Если она на что-то рассчитывает, потому что в костюме - надеть галстук он все-таки не решился, - мой гость не похож на человека из леса, а скорее на модного певца или на среднего служащего, гордящегося своей бородой, - то мадам Салуинэ ошибается! Это все тот же юноша; сев перед ней, он более чем когда-либо застыл и слушает ее как бы не слыша, он моргает, не подымая на нее глаз, он как будто прошел по другую сторону зеркала, - и ему кажется, что он случайно в этой канцелярии, окна которой выходят на Королевскую площадь, окруженную республиканскими зданиями: налоговый центр, социальное страхование, супрефектура, - все каменное, ничего общего не имеющее с деревней, если не считать голубого неба над ними, сейчас рассеченного пополам двойной белой полосой, оставленной самолетом.

- Говоря по правде, мне было бы как-то уютнее, - завела мадам Салуинэ, - если б я знала, кому адресовать свои похвалы.

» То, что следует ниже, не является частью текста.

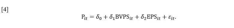 where P is the share price 6 months after the year-end, BVPS is the book value per share, and EPS is the earnings per share. A higher positive coefficient on earnings per share in the post-adoption period indicates increased value relevance of reported earnings after IFRS adoption. This would be consistent with a post-IFRS increase in accounting quality (Christensen, Lee, Walker & Zeng, 2015).
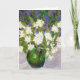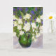Une carte d'anniversaire avec une peinture originale pastel à l'huile d'une cruche verte remplie de Faux orange parfumé et de Ceanothus bleu.
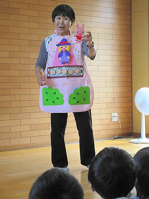さて、本日は、山村眞午さんという方が来てくださり、絵本や紙芝居の読み聞かせをして下さいました。
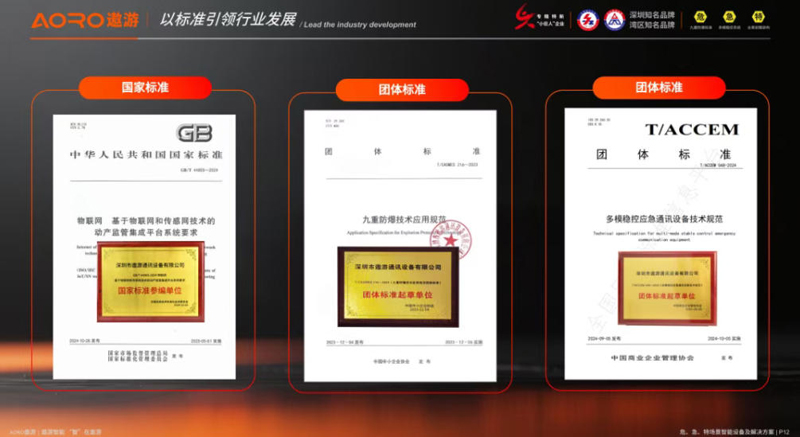 践行“让世界更安全、更高效、更智能”的使命,遨游通讯以“遨游智能,智在遨游”为愿景,以“以本立、以谦合、以勤胜”为价值观,自主研发九重防爆标准、多模稳控系统和全景前瞻架构,先后荣获128项国家标准认证、75项国家专利技术、30类行业用户验证,12项软件著作权,3项作品著作权,参与起草制定国家标准《物联网 基于物联网和传感网技术的动产监管集成平台系统要求》,团体标准《九重防爆技术应用规范团体标准》、《多模稳控应急通讯设备技术规范》以及3项企业标准等标准规范,“北斗高精度全域通讯智能终端的研究及应用”被工业和信息化部确认为科学技术成果。2023年,AORO遨游M6天通卫星电话应急终端荣获“直通乌镇”全球互联网大赛三等奖;遨游通讯荣获深圳市人工智能产业协会2023年十大创新实践基地称号。
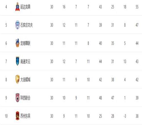 最后让我们再来看一下本赛季中甲最终的积分榜情况。
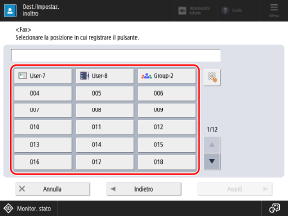 Quando si seleziona un pulsante con una destinazione già registrata, le informazioni registrate vengono sovrascritte.
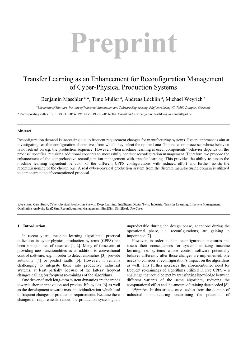 Reconfiguration demand is increasing due to frequent requirement changes for manufacturing systems. Recent approaches aim at investigating feasible configuration alternatives from which they select the optimal one. This relies on processes whose behavior is not reliant on e.g. the production sequence. However, when machine learning is used, components' behavior depends on the process' specifics, requiring additional concepts to successfully conduct reconfiguration management. Therefore, we propose the enhancement of the comprehensive reconfiguration management with transfer learning. This provides the ability to assess the machine learning dependent behavior of the different CPPS configurations with reduced effort and further assists the recommissioning of the chosen one. A real cyber-physical production system from the discrete manufacturing domain is utilized to demonstrate the aforementioned proposal.
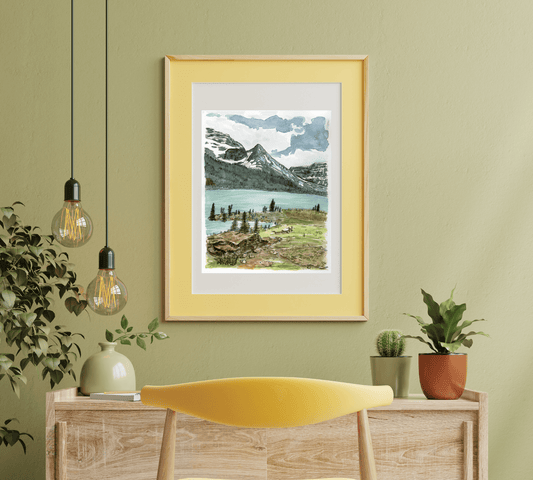 Many Glacier Montana - East Glacier National Park in Pen and Watercolor - Archival Quality Art Print
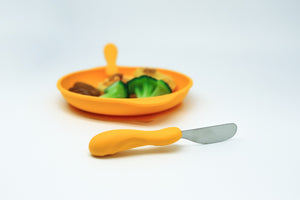 O jogo é feito em inox com cabo em silicone dando maior aderência e o formato anatômico facilita a pega. A borda da colher mesmo sendo em inox é arredondada para não machucar a boquinha dos pequenos. O garfo, também em inox e com cabo em silicone, com dentes de bordas arredondadas. A faca segue o mesmo padrão de inox e cabo em silicone, com serra somente em um dos lados para evitar que as crianças se machuquem.
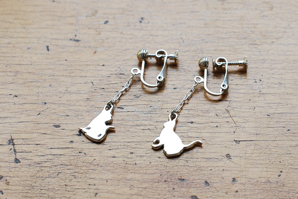 左右で違うポーズの可愛らしい猫のイアリングになりました。
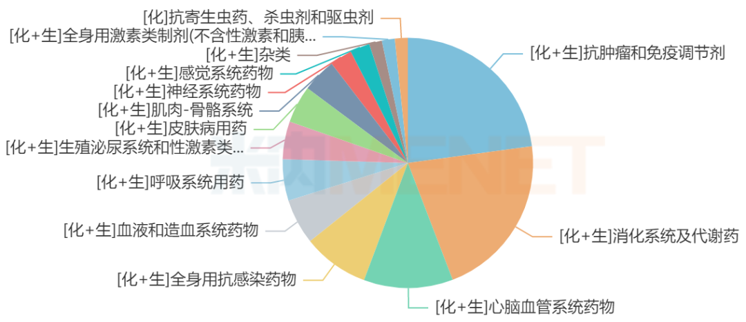 从化药及生物药大类分布看,抗肿瘤和免疫调节剂稳居首位,占比由2016年的约5%持续提升至2025年上半年的约24%;以糖尿病用药为主的消化系统及代谢药紧接其后,近年来占比均超过22%;以高血压用药为主的心脑血管系统药物排位第三,近年来占比均超过11%。
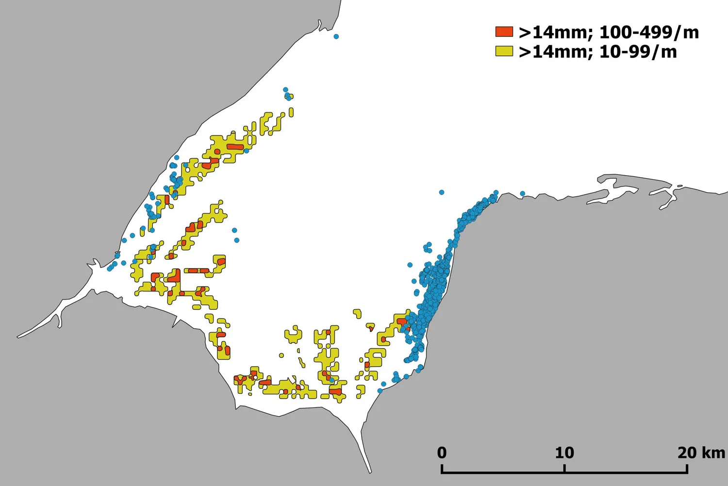 Locations (blue) of tagged Oystercatchers in relation to cockle beds (yellow and red).
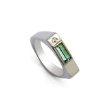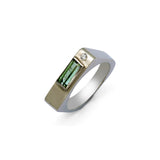 A natural green tourmaline from Afghanistan is set on a sleek straight-line silver band, highlighting the gem’s vibrant hue with modern elegance. Part of the Sunheri Shaam collection, this ring reflects the refined warmth of a golden evening.
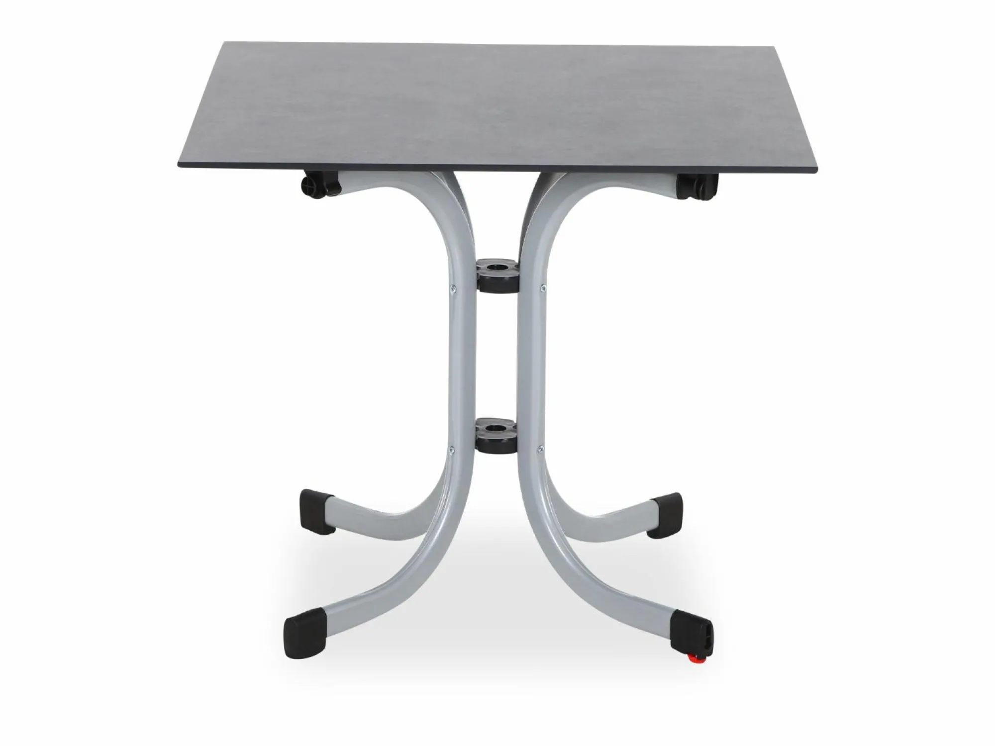 · Der Klapptisch SOLA mit seinem stabilen, silberfarbenen Stahlrohrgestell und der hochwertigen HPL-Tischplatte in der Farbe dark stone ist dazu bereit dein neuer Liebling zu werden. Mit einem Maß von 80×80 cm braucht er nicht zu viel Platz. Und wenn du auch diesesn Platz noch brauchst, ist SOLA Ganz schnell weggeklappt und platzsparend verstaut.
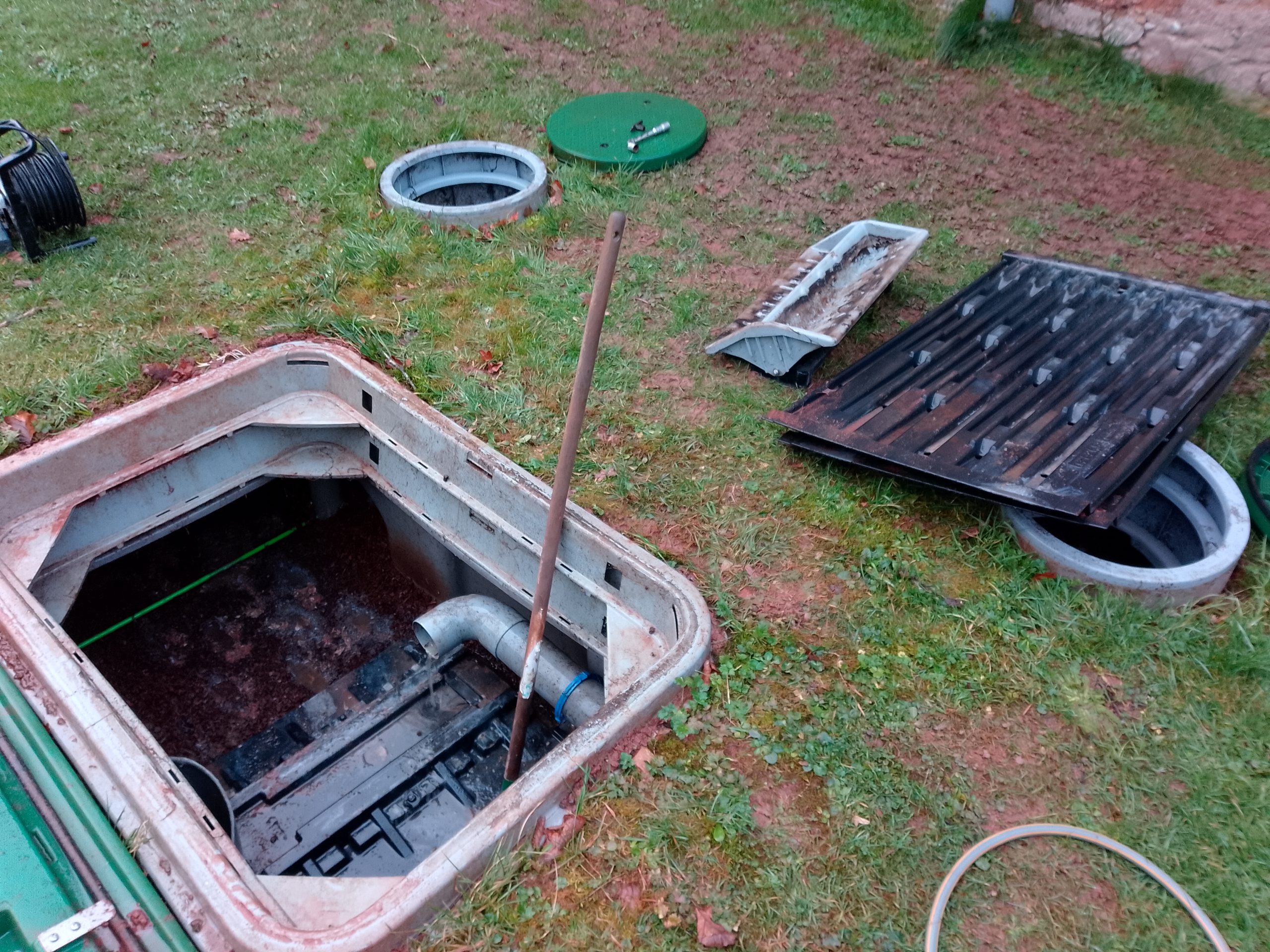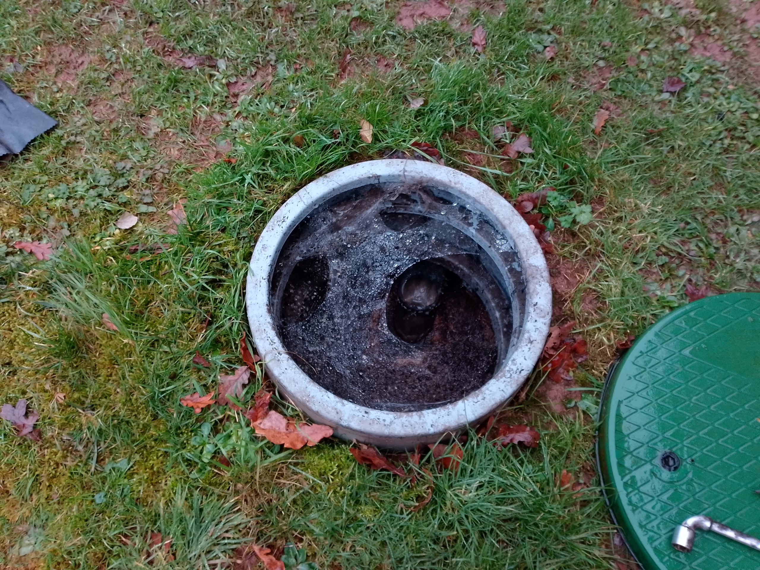 Mesure de boue dans la fosse toutes eaux. Le niveau de boues accumulées est à 5%, aucune vidange n’est à prévoir dans l’immédiat.
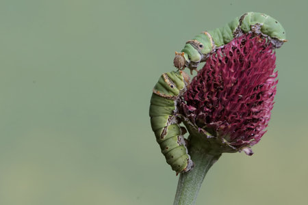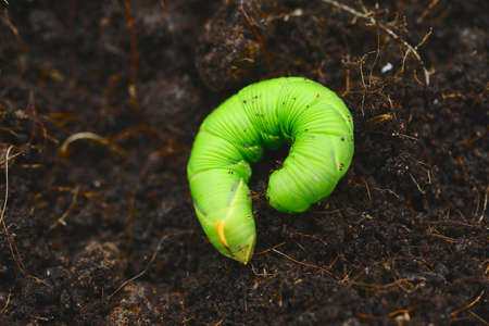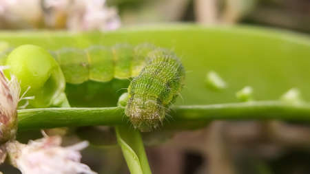 Green caterpillars are pests on plants in an organic garden
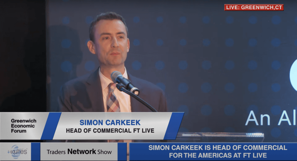Simon Carkeek Head of Commercial for FT Live Delivers Closing Remarks at Greenwich Economic Forum ESG News • December 3, 2021 Simon Carkeek, Head of Commercial for FT Live delivers closing remarks at Greenwich Economic Forum (Greenwich, CT)

Вы представить себе не можете, какая это для меня головоломка - ваше дело. Вы читали прессу? Вас хвалят. Для вас даже требуют медали за спасение утопающих, пресса возмущается, она требует прекращения уголовного дела, не числя за героем ни- чего, что бросало бы на него тень, - и, следовательно, контроль за ним не нужен, как и хождение по судам.

Верно и то, что несмотря на распространение вашей карточки, до меня не дошло ни одной жалобы на вас, вы не бросаете вызов юстиции, несколько высмеянной, сознаемся, однако, она заинтригована: ваш случай сделался объектом анализа в "Темис", профессиональном журнале…

Факт этот особенно утвердил ее в своей правоте. Она вздохнула, и мосье Мийе воспользовался этим, чтобы вставить:

- Я читал, я предлагал свои услуги, чтобы лучше осведомить…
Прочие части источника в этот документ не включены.